I have a dozen or so T-12 bulbs left. After that, most the shop will be T-8. Been looking at the 2 X 2 LED light Home depot sells for bench lighting? Good reviews for the $200 light.

Anyone tried it?


----------



## Terrywerm (Oct 12, 2014)

I have not yet tried it, but I am looking at various LED lighting solutions for my new basement shop. It is 12'x12' and I plan to install suspended ceiling, so I have been thinking about the 2'x4' LED light fixtures that they are offering from Cree. They seem to work very well, but the price tag seems a bit high. With a little luck the prices will start to come down a bit in the coming months before I need them.
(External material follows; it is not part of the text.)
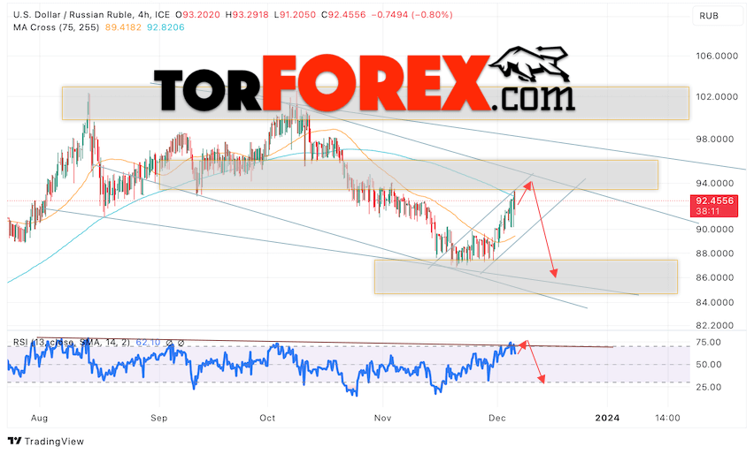 Валютная пара Доллар Рубль USD/RUB продолжает движение в рамках развития бычьей коррекции и медвежьего канала. В момент публикации прогноза курс Доллара США к Российскому Рублю составляет 92.45. Скользящие средние указывают на наличие краткосрочной медвежьей тенденции. Цены вновь тестируют область между сигнальными линиями, что указывает на давление со стороны продавцов американской валюты и потенциальное продолжение падения Доллара США против Российского Рубля. В рамках прогноза курса Доллара на 7 декабря 2023 стоит ожидать попытку развития бычьей коррекции цены и тест уровня сопротивления вблизи области 93.85 Рублей за Доллар США. Затем, отскок вниз и продолжение падения валютной пары в область ниже уровня 85.95.

I think four of the 2x4 fixtures should do the trick in my shop, but I have a hunch I'll have to install some in the laundry room for my blushing bride as well.


----------



## jim18655 (Oct 12, 2014)

They make a replacement LED 4' lamp for fixtures. You remove the ballast and rewire the fixture. About $25 per tube. Might be an option if you have the fixtures.


----------



## tweinke (Oct 12, 2014)

Who is they? Lol. You caught my attention real quick on 25 bucks per tube


----------



## mattthemuppet2 (Oct 12, 2014)

not quite $25
http://www.ledsupply.com/t8-led-tube-light

I'm just going to make my own to add to the one I already have. It's not that hard and doesn't cost too much if you hunt around for good deals on LEDs.


----------



## jim18655 (Oct 12, 2014)

Hope this OK to post, had to delete a link once.
http://www.t8tubes.com/product/20w-led-t8-tube-4ft-85-285vac/


----------



## darkzero (Oct 12, 2014)

I want those Cree troffers too. I used be a long time custom flashlight modder. I used Cree LEDs quite often.
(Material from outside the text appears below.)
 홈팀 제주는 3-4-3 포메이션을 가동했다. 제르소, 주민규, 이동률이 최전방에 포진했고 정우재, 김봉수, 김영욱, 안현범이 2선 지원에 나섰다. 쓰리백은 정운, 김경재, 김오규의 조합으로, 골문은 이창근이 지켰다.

*Adding LED Overhead Lights to My Shop*


[video=youtube_share;Xh2j2ArsKpQ]http://youtu.be/Xh2j2ArsKpQ?list=UUwBPoT9_qe2pBxnGNIk8roQ[/video]


----------



## davidh (Oct 13, 2014)

jim18655 said:


> Hope this OK to post, had to delete a link once.
> http://www.t8tubes.com/product/20w-led-t8-tube-4ft-85-285vac/



these seem to be the cats a$$ reasonable priced and very easy installation.  i bought a handful of fixtures with very similar looking strips in them from Menards, they were 24" long for use under kitchen cupboards.  quite expensive @ 75 bucks each but holy mackeral do they light up the kitchen.  and my power bill has actually dropped where i can notice it.  we have 5 of them and one is on all the time.   
i also bought a roll of similar looking strip lights, 25 feet of these little things, each has its own resistor connected within the strip.  they however require only 12 volts but are cheap and also very bright.  
great idea these seem to be.......................


----------